Output only the lines below from the one holding "The Palmetto State" down to the one holding "(11分) 两位同学在实验室", both end lines included and every picture dropped.

The input —
======

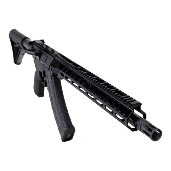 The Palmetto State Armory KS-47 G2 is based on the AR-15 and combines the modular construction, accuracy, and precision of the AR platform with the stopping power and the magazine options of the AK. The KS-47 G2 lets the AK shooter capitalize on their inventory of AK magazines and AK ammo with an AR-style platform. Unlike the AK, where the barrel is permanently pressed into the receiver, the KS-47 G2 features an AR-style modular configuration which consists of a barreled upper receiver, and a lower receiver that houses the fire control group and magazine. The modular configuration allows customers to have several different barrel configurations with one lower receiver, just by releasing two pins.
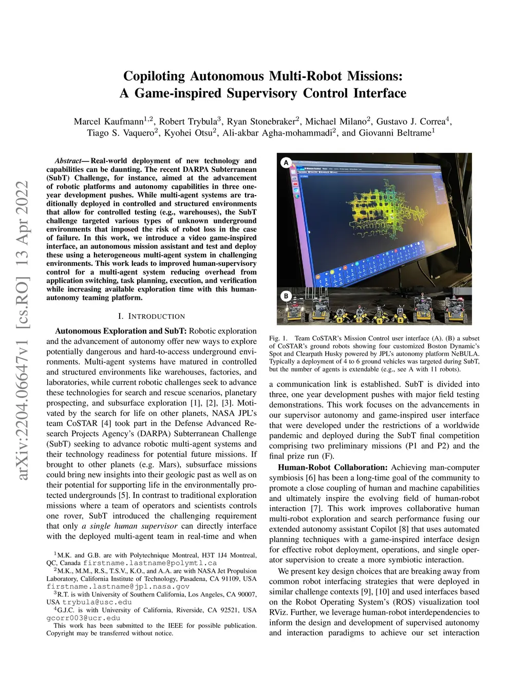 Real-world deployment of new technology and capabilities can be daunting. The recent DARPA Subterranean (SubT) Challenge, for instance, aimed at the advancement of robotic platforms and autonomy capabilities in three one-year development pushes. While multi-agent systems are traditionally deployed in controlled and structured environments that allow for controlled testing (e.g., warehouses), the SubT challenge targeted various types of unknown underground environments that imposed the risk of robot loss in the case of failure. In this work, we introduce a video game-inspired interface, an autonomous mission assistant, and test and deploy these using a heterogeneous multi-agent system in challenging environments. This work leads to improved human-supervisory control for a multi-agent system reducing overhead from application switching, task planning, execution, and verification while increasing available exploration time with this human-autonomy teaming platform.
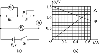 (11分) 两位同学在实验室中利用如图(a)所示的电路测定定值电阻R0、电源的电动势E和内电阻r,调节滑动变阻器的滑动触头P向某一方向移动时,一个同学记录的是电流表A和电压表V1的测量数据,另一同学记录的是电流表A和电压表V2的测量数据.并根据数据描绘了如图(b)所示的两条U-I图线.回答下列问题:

======

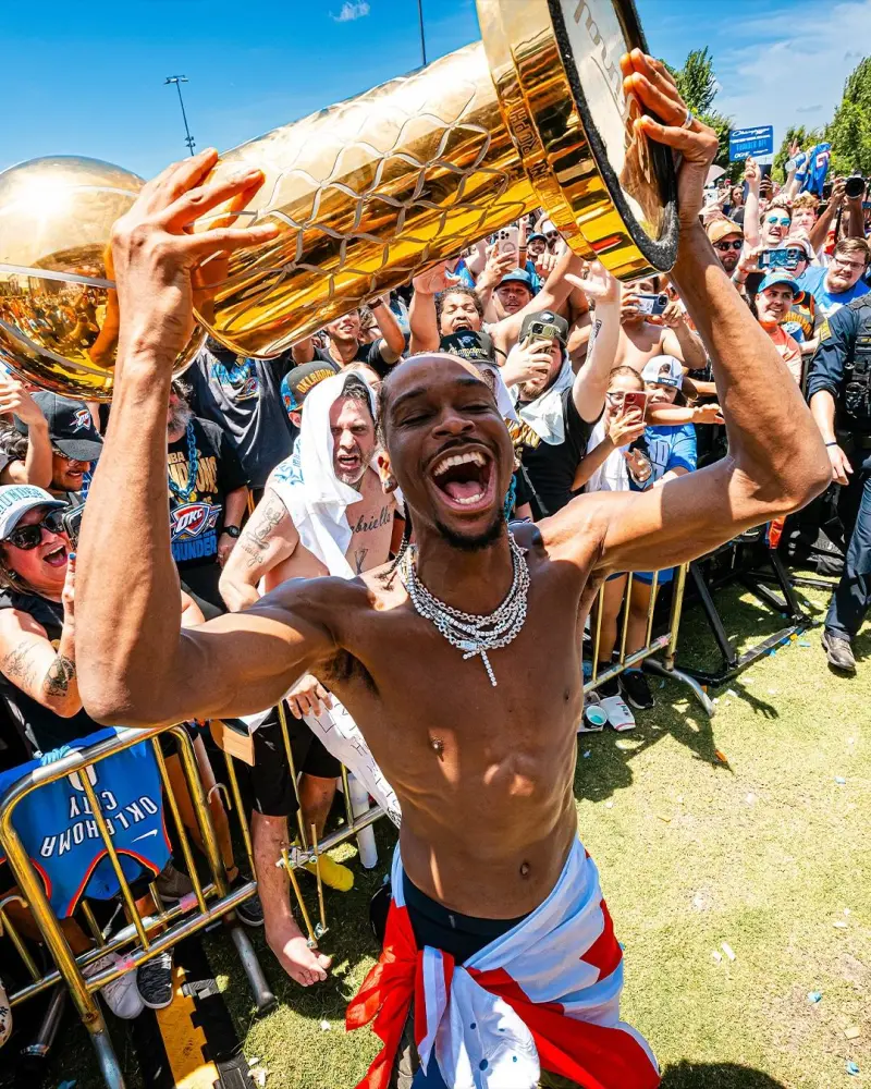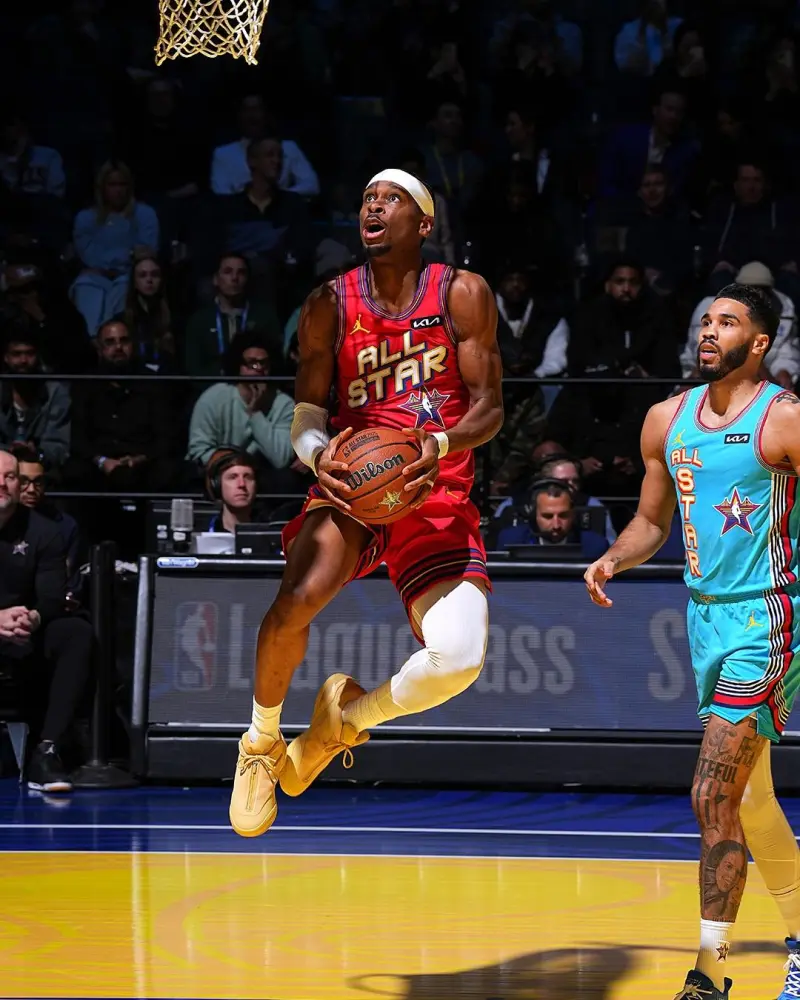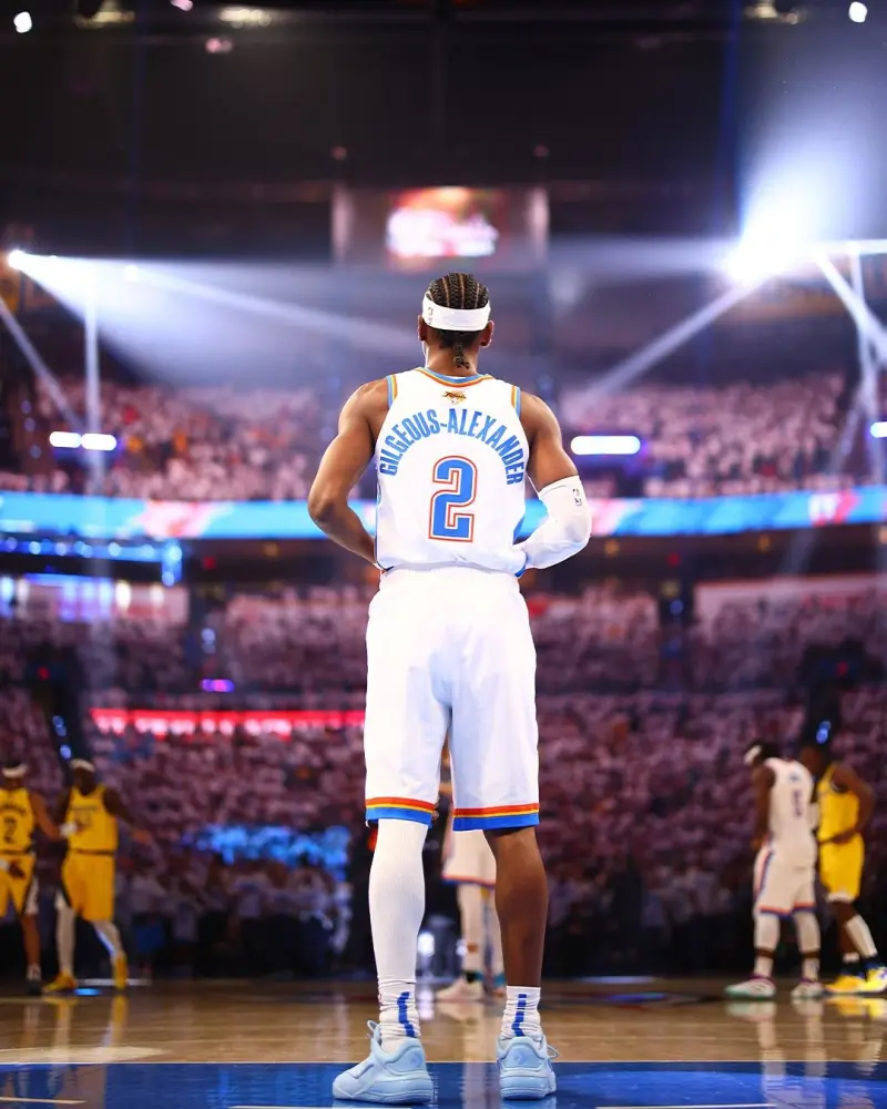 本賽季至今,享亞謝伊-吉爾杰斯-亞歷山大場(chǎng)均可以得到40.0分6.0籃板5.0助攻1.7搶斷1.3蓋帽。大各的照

======

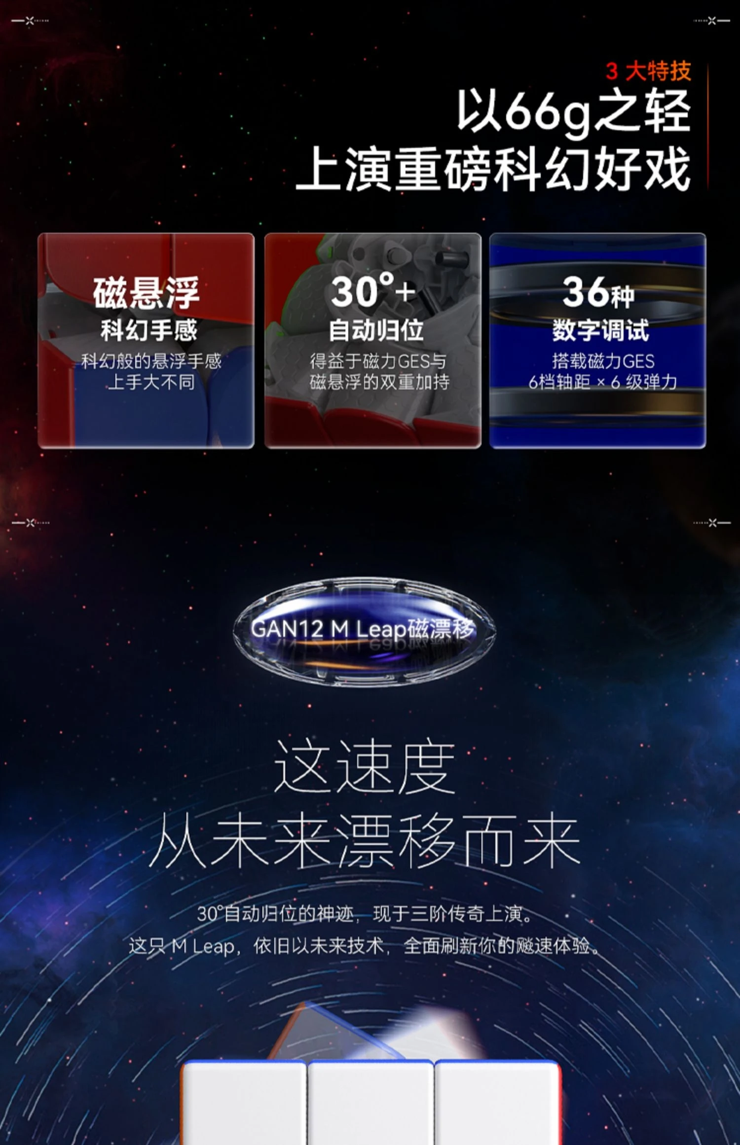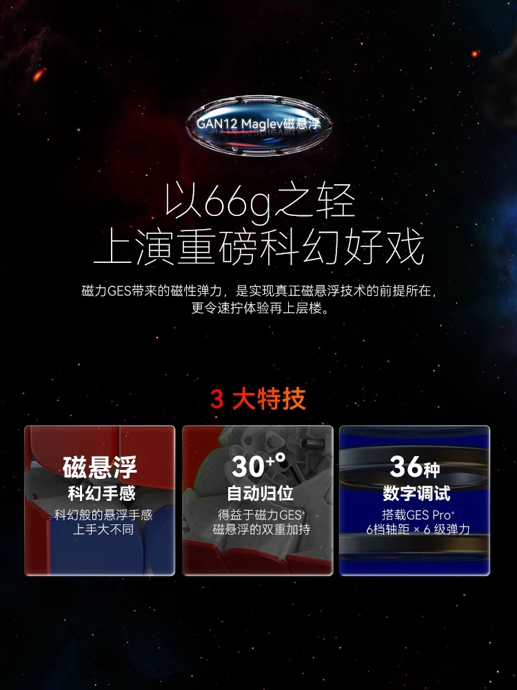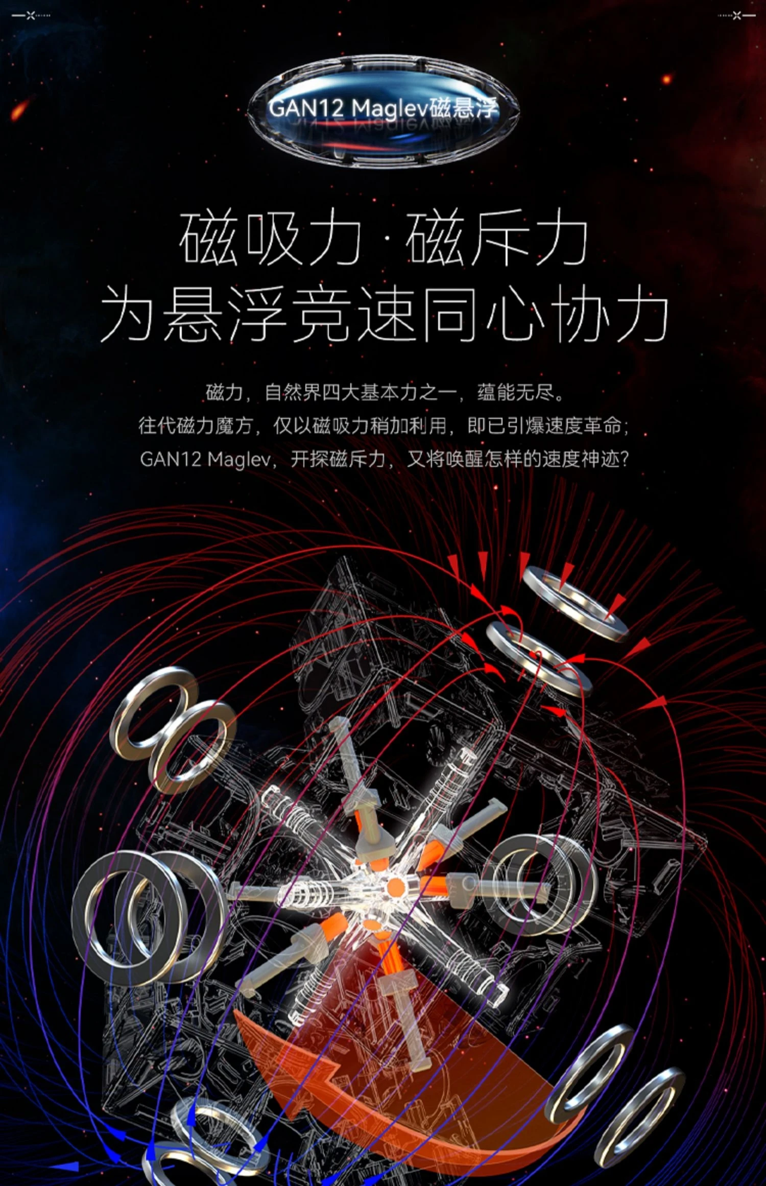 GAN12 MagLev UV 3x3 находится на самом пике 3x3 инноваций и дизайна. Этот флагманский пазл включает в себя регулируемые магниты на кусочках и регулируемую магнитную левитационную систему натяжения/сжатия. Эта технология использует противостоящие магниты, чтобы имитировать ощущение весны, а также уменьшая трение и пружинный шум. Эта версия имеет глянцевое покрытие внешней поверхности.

======

Written reply —
 The Palmetto State Armory KS-47 G2 is based on the AR-15 and combines the modular construction, accuracy, and precision of the AR platform with the stopping power and the magazine options of the AK. The KS-47 G2 lets the AK shooter capitalize on their inventory of AK magazines and AK ammo with an AR-style platform. Unlike the AK, where the barrel is permanently pressed into the receiver, the KS-47 G2 features an AR-style modular configuration which consists of a barreled upper receiver, and a lower receiver that houses the fire control group and magazine. The modular configuration allows customers to have several different barrel configurations with one lower receiver, just by releasing two pins.
 Real-world deployment of new technology and capabilities can be daunting. The recent DARPA Subterranean (SubT) Challenge, for instance, aimed at the advancement of robotic platforms and autonomy capabilities in three one-year development pushes. While multi-agent systems are traditionally deployed in controlled and structured environments that allow for controlled testing (e.g., warehouses), the SubT challenge targeted various types of unknown underground environments that imposed the risk of robot loss in the case of failure. In this work, we introduce a video game-inspired interface, an autonomous mission assistant, and test and deploy these using a heterogeneous multi-agent system in challenging environments. This work leads to improved human-supervisory control for a multi-agent system reducing overhead from application switching, task planning, execution, and verification while increasing available exploration time with this human-autonomy teaming platform.
 (11分) 两位同学在实验室中利用如图(a)所示的电路测定定值电阻R0、电源的电动势E和内电阻r,调节滑动变阻器的滑动触头P向某一方向移动时,一个同学记录的是电流表A和电压表V1的测量数据,另一同学记录的是电流表A和电压表V2的测量数据.并根据数据描绘了如图(b)所示的两条U-I图线.回答下列问题:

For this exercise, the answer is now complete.